Creswick, 51, helped introduce music to a generation of island children, who picked up their first instruments or joined choir under his care. He was recently engaged in planning a school music trip to San Francisco in May, and helped form an instructional band for beginning, adult and youth players.

“My big thing that I believe is that music is a life skill because it teaches so many other skills,” Creswick told the Driftwood last August.

“I see my job at my school as being to plant the musical seed — and anything you can do to water it and to nurture it is fantastic.”

But his positive influence extended far beyond the music program. Creswick’s ability to reach students was reflected just as strongly in his math classes and as a homeroom teacher.

Lisa Halstead, principal of the middle school, said although she had known Creswick for just two and a half years, she felt like she was losing a family member.

“Bruce had an incredible impact on all of us, the staff and the students,” Halstead said.

“He just gave so much, and it was all about the students for him. He just gave and gave and gave. He was a wonderful person.”

Former middle school principal Kevin Vine posted the following on a Facebook site devoted to the teacher’s memory: “Bruce Creswick was one of those rare people whose compassion, kindness, enthusiasm, humour and talent made him one-of-a-kind.

“He made fond and indelible connections with virtually everyone who came to know him — and there were thousands. He is truly a legend in his own time.”

Salt Spring Concert Band director Dawn Hage said, “Bruce was both a colleague and a friend — I had the greatest admiration for his unflagging enthusiasm and ability to get the middle school-aged kids excited and inspired about all kinds of music.

“It takes a special kind of teacher to get the best out of kids at this time in their life when so much else is going on for them and he had the gift,” Hage continued.

“He would recognize a spark of interest or talent within a student and the next thing you know there was a bonfire blazing. Bruce touched so many people in our community and his energy, talents, kindness and generosity will be sorely missed. I still simply can’t believe that he is gone.”

People across the community are commemorating Creswick through his famous devotion to Converse running shoes. Middle school students who have the shoes are wearing them, and those who don’t were supplied with Converse buttons produced by Jo and Bob Twaites.

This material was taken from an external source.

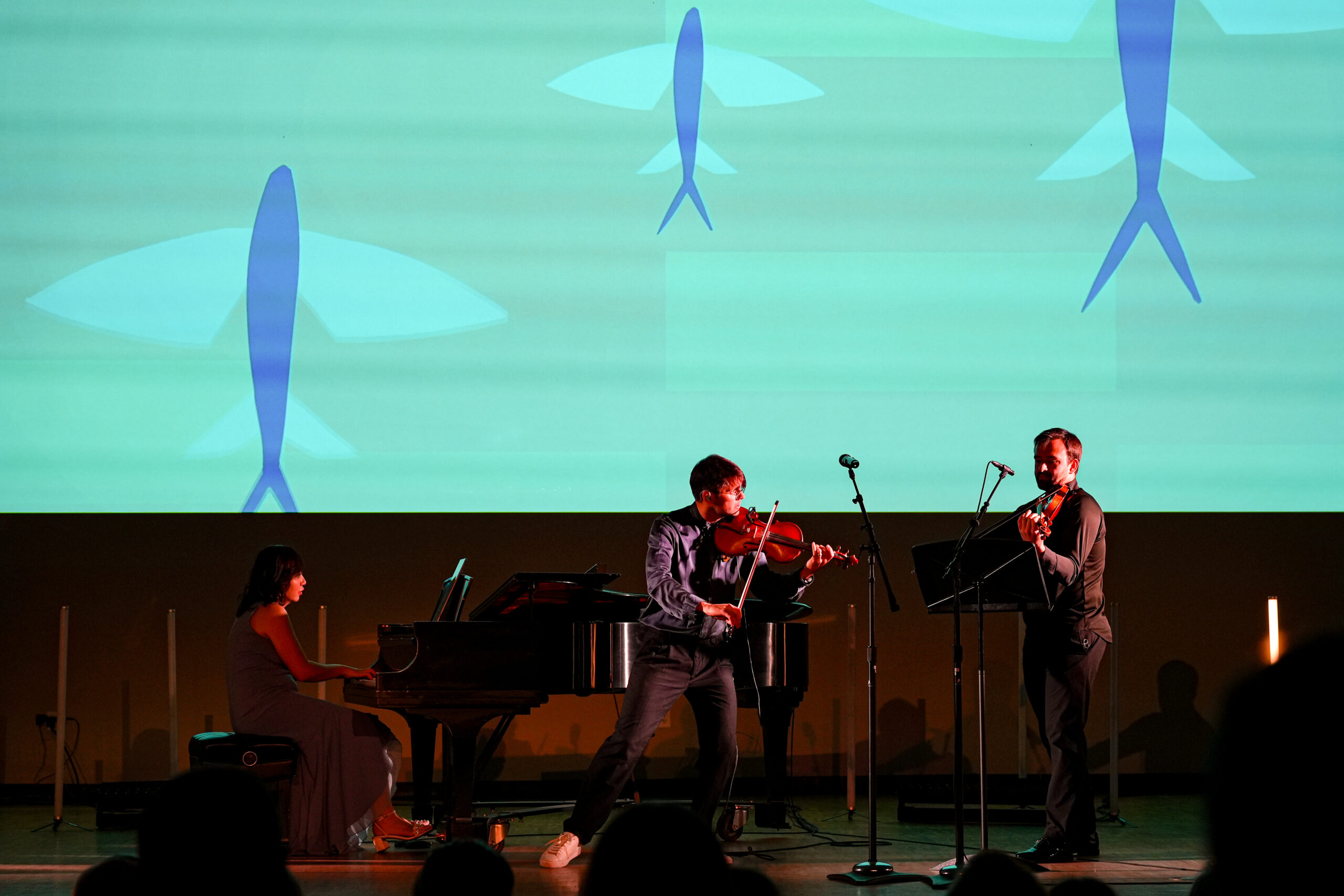 The show ended with Sea Fairies, the piece Chad had been working on since his visit to the Great Salt Lake. Amazingly Tim had managed to create really cool animation in just two days. In addition to being visually stunning, it showed the life cycle of the brine shrimp and flashed to real videos of their fairy-like forms. I don’t know how Hui and Kehoe learned the piece so fast, but they were both incredible.

Two Facebook sites established in Creswick’s honour provide the visual solidarity, with countless supporters changing their profile pictures to photos of the iconic shoes.

SIMS students have also been posting their favourite memories on bulletin boards around the school.

Halstead reported that the students are sad but are managing, with lots of extra support from counsellors and parents who arrived at the school on Monday to see what they could do.

Creswick is survived by his wife Carolyn, his son Matthew, who’s at GISS, and his daughter Catelyn, a middle school student. He also leaves behind a brother Mark and a sister, Kathy Webster.

Webster recalled in her posting to Facebook that her brother loved his job and received as much as he gave from teaching.

“Whenever I talked with my brother Bruce, he was like a ‘kid in a candy store’; always very excited with upcoming events he had planned for his students . . . I want you all to know how much you made a difference in Bruce’s life too; he thought the world of all of you.”